Later next month, Casino plans to trial mobile shopping in the French city of Lyon with smart posters containing NFC tags, QR codes and single-dimensional bar codes. And also this fall, it will try out a “Digital Wall,” a large screen with an interactive product catalog that consumers can touch to put products in their shopping basket, then pay by taking a picture of a QR code.
Casino already enables customers to scan products–not with QR codes but with the simple linear codes, or 1-D bar codes, that manufacturers print on their product packages. Casino lends customers bar code scanners and the devices upload the shopping basket at an express checkout lane.
‘Less Than a Second’
Casino believes NFC will make it easier for consumers to put products in their electronic shopping baskets than scanning bar codes.
The retailer held an internal trial of the NFC tag-based shopping service at a mini-supermarket at its Paris offices this summer, and it also tried it out last year at the l’Institut de la Vision, a research institute for diseases of the eye.
“What we demonstrated, we can get the product in your basket in less than one second,” de Pompery told NFC Times.
The retailer also believes an NFC-based mobile-shopping service is becoming more practical, with NFC-enabled smartphones finally rolling out in significant numbers.
French operators say they have sold more than 1 million NFC-enabled phones to date and predict they will have distributed 2.5 million NFC phones by the end of 2012. By 2015, more than half of French mobile subscribers will be carrying an NFC-enabled handset, said Casino.
Casino’s bar-code scanning service using the manufacturer’s product labels not only enables consumers to build an electronic shopping basket, but also to receive alerts for discounts. But the mCasino mobile app, using the NFC tags, allows customers to store their preferences, noted Vincent Berge, CEO of Think&Go.
“The big difference, with NFC, it brings more interactivity and more potential to deliver services to customers,” he said.
For example, consumers could tell the mobile app to alert them whenever they tap a tag for a product containing gluten, which they might be allergic to.

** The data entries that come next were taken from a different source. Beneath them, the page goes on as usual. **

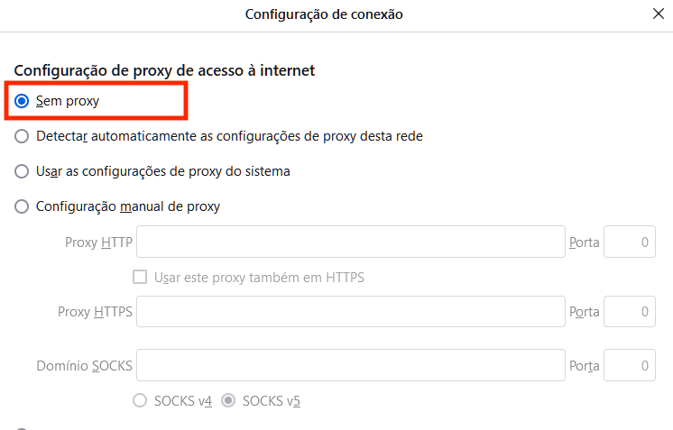 Também é possível que a conexão proxy esteja ativa nas configurações de conexão do seu Firefox, causando o PR_END_OF_FILE_ERROR. Siga estes passos para desligar: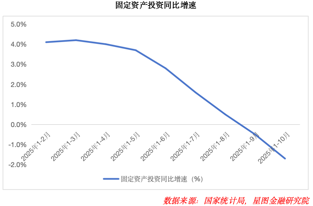 从国内环境看,10月宏观经济数据呈现阶段性走弱特征。社零总额同比增长2.9%,较前期增速有所放缓;前10个月全国固定资产投资累计同比下降1.7%,降幅较此前进一步扩大,引发部分资金对经济基本面担忧情绪。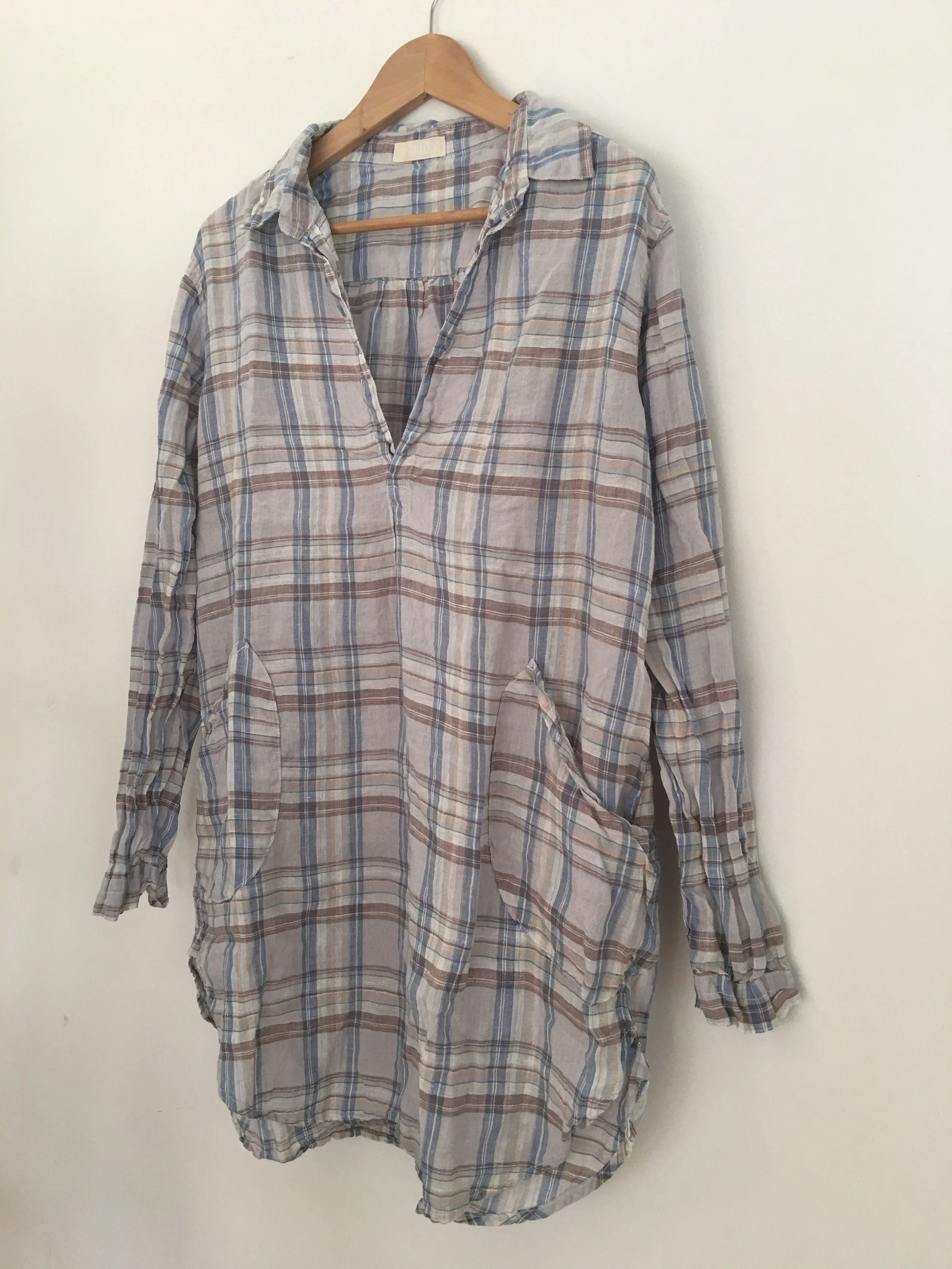 A CP Shades Light Blue Plaid Teton, 100% linen handmade top! We are huge fans of this Northern California company. They pride themselves on this 30 year tradition: They own their own sewing facility and continue to cut, sew and garment-dye in the San Francisco Bay Area.

Or the app could tell users they are approaching their €100 (US$ 128) budget limit.
While a mobile app that uses QR codes instead of NFC tags to get product data, also could store user preferences, Berge contends that tapping NFC tags is much simpler than scanning QR codes.
Tags Store Product ID
With the system Casino is testing, the 25,000 electronic shelf labels from Sweden-based Pricer will be embedded with NFC tags, each encoded with an ID number tied to the individual product, said Berge. The product information and price is kept on the database, where it can be updated. When the tag is tapped, the consumer gets the product information over the network to his phone. He could then click to add the item to his shopping basket.
Berge said that when the user then uploads the shopping basket by resting his phone on the NFC reader, it would use either NFC's card emulation or peer-to-peer modes. But the peer-to-peer function for the Samsung Galaxy S III, one of the top selling NFC phones in France, is not yet accessible for the Casino app.
“We don’t know if it’s blocked on purpose, or it’s just a bug,” Berge said. “It’s not open for developers to have access to peer-to-peer for the GS3.”
He doesn’t think French operators are to blame for that. It might be problem related to the NFC implementation of Android.
The communication between the BlackBerry phones planned for the trial, which will include the Bold 9900 and Bold 9790, would use card-emulation mode, he said. This mode is usually associated with secure elements.
But Berge said the mCasino shopping service does not store anything on the secure chips in NFC phones, which in NFC-enabled BlackBerrys could either be the SIM card or an embedded chip. Both are controlled by mobile operators.
“We don’t believe in the secure element; there is every time carriers who wants a fee,” he said. “And the ecosystem can’t work like that. It may work for payment. You need a secure element for payment. You don’t need a secure element (for shopping).”